Solution: - Content deduplication using MinHash/LSH for near-duplicate detection. - When duplicates were found, the most recent version was prioritized. - A report was generated for teams to consolidate duplicates.


Lessons Learned

  1. Chunking quality matters more than embedding model quality. The team spent 2 weeks optimizing chunks and saw a larger improvement than switching from MiniLM to BGE.

  2. Hybrid search is almost always better than dense-only. Technical documentation contains specific terms (API names, error codes) that dense retrieval misses.

  3. Reranking is the highest-ROI improvement. Adding a cross-encoder reranker was a one-day implementation that improved precision by 22%.

  4. Evaluation drives improvement. Without the 200-question evaluation set, the team was unable to objectively compare configurations.

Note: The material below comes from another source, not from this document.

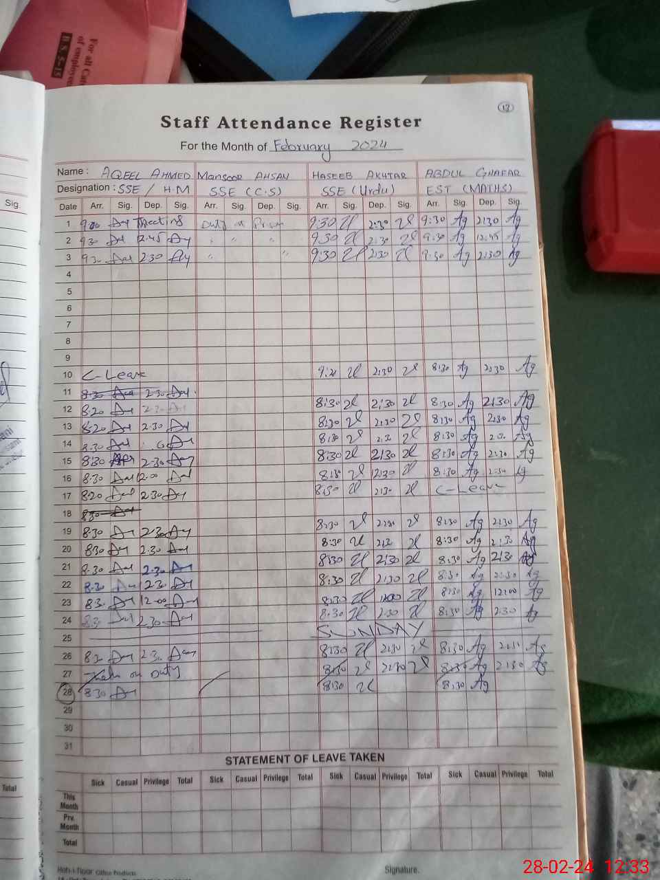 | Leave | Duty | Absent | Maternity | Medical | Ex- Pak |

  5. User feedback is essential. The Slack bot's thumbs-up/thumbs-down feature identified failure modes that automated evaluation missed.

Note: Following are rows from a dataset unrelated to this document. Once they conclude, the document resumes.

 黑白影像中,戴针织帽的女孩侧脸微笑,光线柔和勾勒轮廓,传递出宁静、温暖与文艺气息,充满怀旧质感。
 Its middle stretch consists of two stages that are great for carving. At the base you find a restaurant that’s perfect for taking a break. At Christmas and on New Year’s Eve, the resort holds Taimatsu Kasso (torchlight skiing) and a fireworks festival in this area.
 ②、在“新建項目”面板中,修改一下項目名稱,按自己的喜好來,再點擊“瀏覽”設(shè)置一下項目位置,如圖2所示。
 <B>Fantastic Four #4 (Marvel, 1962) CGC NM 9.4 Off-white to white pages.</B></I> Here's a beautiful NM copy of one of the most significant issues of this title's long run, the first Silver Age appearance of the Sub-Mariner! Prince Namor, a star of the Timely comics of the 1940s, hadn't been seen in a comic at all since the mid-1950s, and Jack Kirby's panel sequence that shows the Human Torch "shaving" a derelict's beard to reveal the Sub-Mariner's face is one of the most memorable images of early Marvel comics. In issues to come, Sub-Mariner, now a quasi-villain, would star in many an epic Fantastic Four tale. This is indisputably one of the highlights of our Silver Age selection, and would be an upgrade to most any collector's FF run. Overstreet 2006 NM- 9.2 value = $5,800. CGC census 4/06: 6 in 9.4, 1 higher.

  6. Start with the simplest approach. The team initially tried to build agentic RAG with multi-step retrieval. The simpler pipeline with reranking performed better and was much easier to debug.


Production Configuration

# rag_config.yaml
embedding:
  model: "BAAI/bge-base-en-v1.5"
  batch_size: 64
  max_length: 512

chunking:
  strategy: "recursive_header_aware"
  max_chunk_size: 512
  overlap: 50
  preserve_code_blocks: true

retrieval:
  dense_top_k: 50
  bm25_top_k: 50
  rrf_k: 60
  hybrid_weight_dense: 0.6

reranking:
  model: "BAAI/bge-reranker-base"
  top_k: 5

generation:
  model: "gpt-4-turbo"
  temperature: 0.1
  max_tokens: 1024

ingestion:
  schedule: "every 6 hours"
  staleness_warning_days: 180
  deduplication: true

Cost Analysis (Monthly)

Component Cost
Embedding computation (re-indexing) $45
Vector storage (ChromaDB on EC2) $120
LLM API calls (~10K queries/month) $380
Reranker inference (GPU) $90
Infrastructure (API server, workers) $200
Total $835/month

At 500 engineers saving 33 minutes per day, the ROI was estimated at 275 engineer-hours saved per month, making the system highly cost-effective.